Sikap berpikiran terbuka dan bekerjasama siswa di kelas tersebut juga mengalami peningkatan. Hal ini ditunjukkan ketika guru membentuk kelas tersebut menjadi beberapa kelompok untuk melakukan kegiatan percobaan. Seperti yang telah dijelaskan di atas, bahwa pada siklus ini guru membagi siswa ke dalam kelompok yang lebih kecil dibandingkan pada siklus sebelumnya yaitu setiap kelompok beranggota 2-3 siswa. Pembagian kelompok yang lebih kecil dibandingkan pada tindakan siklus I membawa dampak positif, yaitu partisipasi siswa dalam kelompoknya semakin besar. Hal ini sejalan dengan pendapat Moedjiono & Moh. Dimyati (1991, 62) yang menyatakan bahwa pengelompokkan untuk memperbesar partisipasi siswa sebagai anggota kelompok dapat dilakukan dengan cara membagi siswa ke dalam kelompok-kelompok yang relatif

108

kecil (3-4 orang), sehingga setiap anggota kelompok dapat dijamin keterlibatannya dalam kerja kelompok. Keterlibatan siswa pada siklus ini dapat dilihat dari keantusiasan siswa dalam mengikuti pembelajaran, keaktifan siswa dalam mengikuti kegiatan percobaan, serta kerjasama antar siswa dalam kelompoknya. Dengan demikian, pembentukan kelompok kecil dapat membuat sikap ilmiah siswa lebih terlihat, sehingga guru dapat memantau, menilai, serta meningkatkannya.

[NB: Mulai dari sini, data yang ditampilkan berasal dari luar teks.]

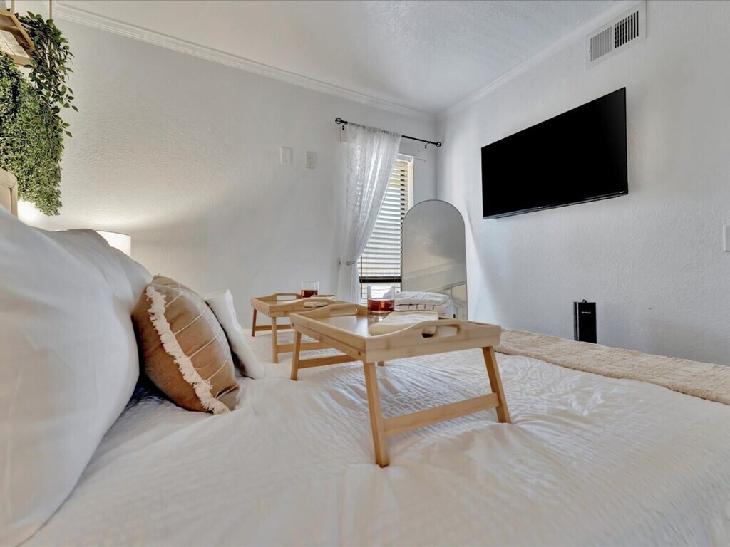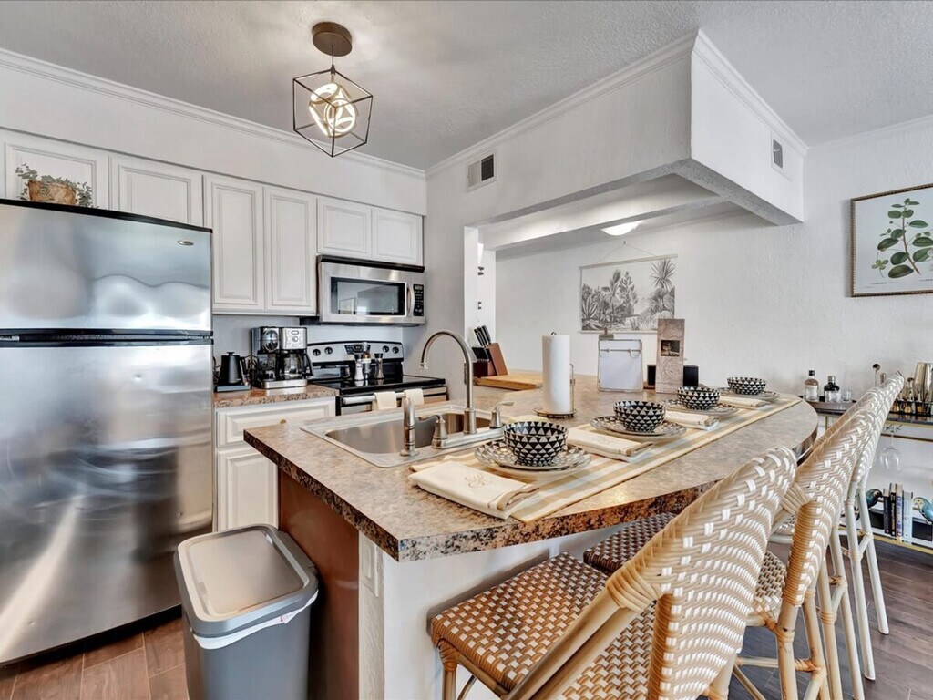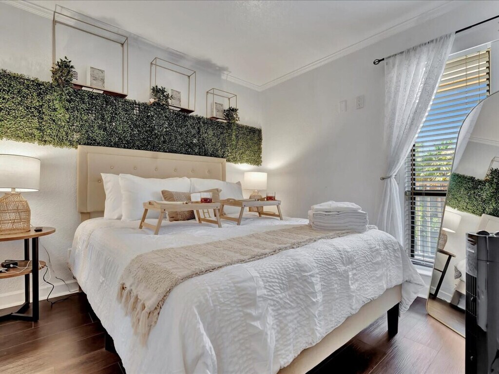 Welcome to Sea La Vie, a renovated European-style 1-bedroom condo at Sailport Waterfront Suites on Tampa Bay, where you can feel at home. Enjoy breathtaking panoramic views of Tampa Bay from your private balcony. This villa-style condo comfortably sleeps up to 4 guests and offers resort-style amenities. The fully stocked kitchen includes cookware, utensils, basics, a breakfast bar with 2 stools, a high-top dining table for 2, a Keurig coffee maker with K-Cups, a popcorn maker with fresh popcorn, and a cocktail bar with a mixology set, whiskey decanter, and glasses. Entertainment options include a 68” Smart TV in the living room and a 43” Smart TV in the bedroom, both supporting streaming via your own accounts. An extra queen-size air mattress and a Pack ‘N Play are available upon request. Located in Rocky Point, this apartment is close to hotels, small bars, restaurants, and brunch spots. Whiskey Joes, a popular indoor and outdoor beach bar and restaurant with live music, is a short walk away, as is a large public beach. Several restaurants are very close to the resort, and Instacart delivers directly to the unit. A digital rental agreement must be signed and a copy of a legal ID with a verification selfie must be provided prior to arrival. Standard check-in is at 4 PM EST and check-out is at 11 AM EST. Unauthorized late checkouts or early check-ins will result in a charge of $35 for every 30 minutes. Emotional Support and Service Animals are permitted with prior notice, written approval from the Manager, and supporting documentation provided to security upon arrival; a $100 pet fee applies. Pets are not allowed on beds or couches, and unauthorized pets incur a $250 penalty per pet and possible reservation cancellation without refund. Guests must clean up after pets, and failure to do so results in a $50 penalty. Unless requested and approved in advance in writing, lethal weapons are not allowed on the property, and a violation of this rule will result in immediate removal from the property along with no refund and a penalty of $250. Please keep the thermostat set to “AUTO” mode and do not set the temperature lower than 71°F to prevent system issues. Weekday daytime noise is possible due to neighbors’ projects or renovations and other activities. [SI]
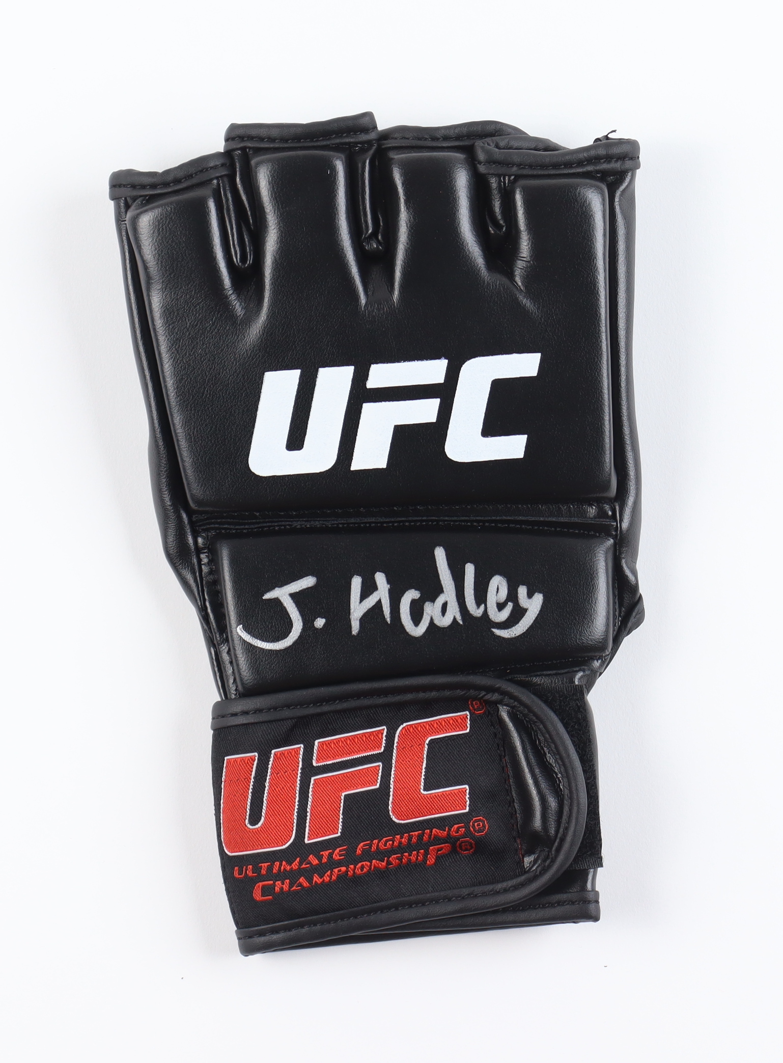 UFC glove is hand-signed by UFC flyweight, Jake Hadley.
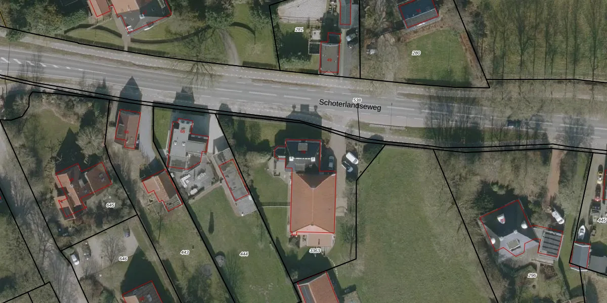 Schoterlandseweg 70 is gelegen op kadastraal perceel KPE00E3363. Deze kadastrale aanduiding is uniek en wordt gebruikt door het Kadaster om eigendomsrechten en andere zakelijke rechten vast te leggen. Het perceel maakt onderdeel uit van de kadastrale gemeente Knijpe.
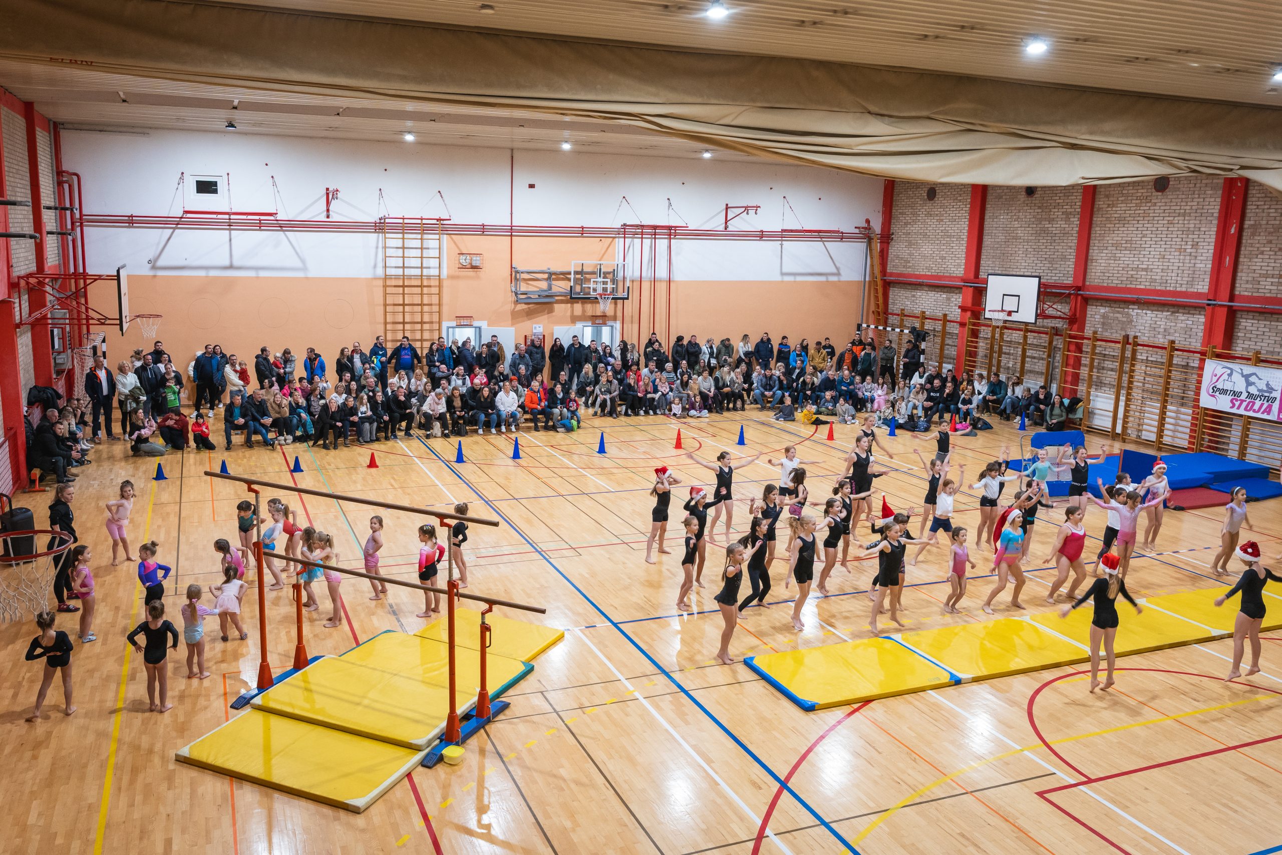 Na prireditvi so se predstavile vse gimnastičarke ŠD Stoja: od najmlajših iz vrtca, preko rekreacijske skupine, pa vse do izkušene tekmovalne ekipe. Vsaka skupina je pripravila svoje točke, prežete z božičnim duhom, bleščečimi nasmehi in nalezljivo energijo. Stoje, prevale, premete, salte in še mnogo drugih točk so gledalci nagradili z bučnimi aplavzi.
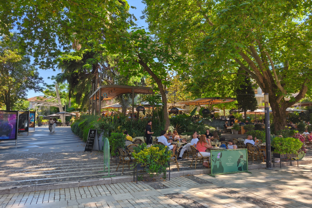 Gleich nebenan ist ein großer Shoppingtempel und die Restaurant- und Partymeile der Stadt. Wir haben uns ein albanisches Restaurant mit lokalen Speisen ausgewählt und hoffen, wir bekommen dort gleich einen Tisch.
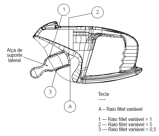O seguinte exemplo apresenta uma superfície de fillet na alça suporte na lateral.

Dari hasil pengamatan yang telah dilakukan, terdapat 21 siswa sudah aktif dalam kegiatan percobaan, sedangkan 8 siswa lainnya masih terlihat pasif. Namun, hal ini tidak menjadi kendala bagi guru. Guru tidak patah semangat dalam memitovasi siswa untuk aktif dalam kegiatan percobaan kelompoknya. Alhasil siswa-siswa yang pasif tersebut sudah memperlihatkan perubahan. Mereka sudah terlihat aktif mengikuti kegiatan percobaan bersama masing-masing kelompok.

Sikap ketekunan siswa pada siklus ini juga mengalami perubahan. Perubahan ini terlihat ketika ada kelompok yang sudah selesai melakukan percobaan, terlihat 26 siswa masih tetap melanjutkan percobaannya sampai selesai. Begitu juga ketika salah satu kelompok mengalami kegagalan dalam melakukan percobaan. Siswa tersebut pantang menyerah sampai percobaan yang dialkukannya berhasil. Meskipun demikian masih terdapat 3 siswa yang enggan melanjutkan percobaan apabila kelompok lain sudah selesai. Hal ini menjadi penyemangat guru dalam memotivasi siswa supaya mereka mau melanjutkan percobaan sampai selesai. Alhasil

109

siswa di kelas tersebut mau melakukan kegiatan percobaan sampai selesai meskipun kelompok lain sudah selesai. Guru tetap memantau kegiatan siswa.

Dari pemaparan di atas, sudah jelas bahwa melalui pembelajaran yang melibatkan siswa secara aktif dalam kegiatan pembelajaran dapat meningkatkan sikap ilmiah siswa. Hal itu dibuktikan dengan persentase perolehan nilai sikap ilmiah siswa yang semakin meningkat dari siklus ke siklus. Dengan dilakukannya tindakan berupa pelaksanaan kegiatan percobaan untuk meningkatkan sikap ilmiah siswa, siswa lebih leluasa dalam menampakkan sikap ilmiahnya. Hal tersebut cukup menggambarkan sikap ilmiah siswa dalam pembelajaran IPA melalui pendekatan verification laboratory yang baik, sehingga penelitian pun dilakukan hanya sampai siklus 2.